Pop3
TL;DW: Pop3 is the dynamics from ConsoleX.
Pop3 in Airwindows Consolidated under ‘Dynamics’ (CLAP, AU, VST3, LV2)
Pop3.zip (709k) standalone(AU, VST2)
As I work on all the things that go into ConsoleX, now and then it becomes useful to give you a little preview. Pop3 is like that. It’s the latest Airwindows compressor, but also gate, this time.
I hope it’s pretty simple to understand, because in ConsoleX you get two of them per channel/buss, one for the Fire band and one for the Stone band. (if needed, I’ll put out a StoneFire compressor to help you practice that). In this case, it’s a fullrange dynamics processor tailored to my needs with ConsoleX.

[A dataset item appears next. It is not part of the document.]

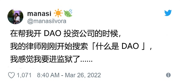 原告律师提醒了所有 DAO,如果 DAO 不让自己在法律上明确定义,那么律师也会替它们定义。暂且不谈默认情况下将普通合伙原则应用于DAO是完全不讲逻辑的,为打击拒绝法人胡萝卜的 DAO ,这些就是官僚和审判律师伸出的大棒。

For the compression section, Threshold brings down the squish. It doesn’t use makeup gain, so you use it to restrain the sound. Attack and Release work as you’d expect, though Pop3 runs a new sense circuit that’s very transparent in action. The Ratio control is simply a dry/wet: if you have signals peaking really hot, over 0dB, you’ll have to set Ratio to 0 to truly bypass the compression. Since this’ll be available in multiple places on multiple bands it’s designed to be more a ‘glue’ type, though you can run audio really hot into it in order to get an exaggerated result. In the final version you use the Stone and Fire controls to boost post-compression if you want.
The gate section had to be designed into Pop3, like it is in ConsoleX. It triggers off the uncompressed signal, so whatever you do with compression has no effect. It uses its own threshold (coming up from zero) with a release that goes from slow to brutally fast, and a handy Sustain control which stretches out the gating to control whether it’s sputtery or crisp. This gate is good at tightening things up, especially with the sustain feature there as a primary control, and again: works totally independently of the compressor, so you can sculpt those dynamics (or put percussive bumps on things using the gate ratio to dial in the spike and then blend it with the regular signal) and then shape your primary audio to make it more squishy. I found that just kicking in the compressor slightly gives a huge change in texture compared to only using the gate.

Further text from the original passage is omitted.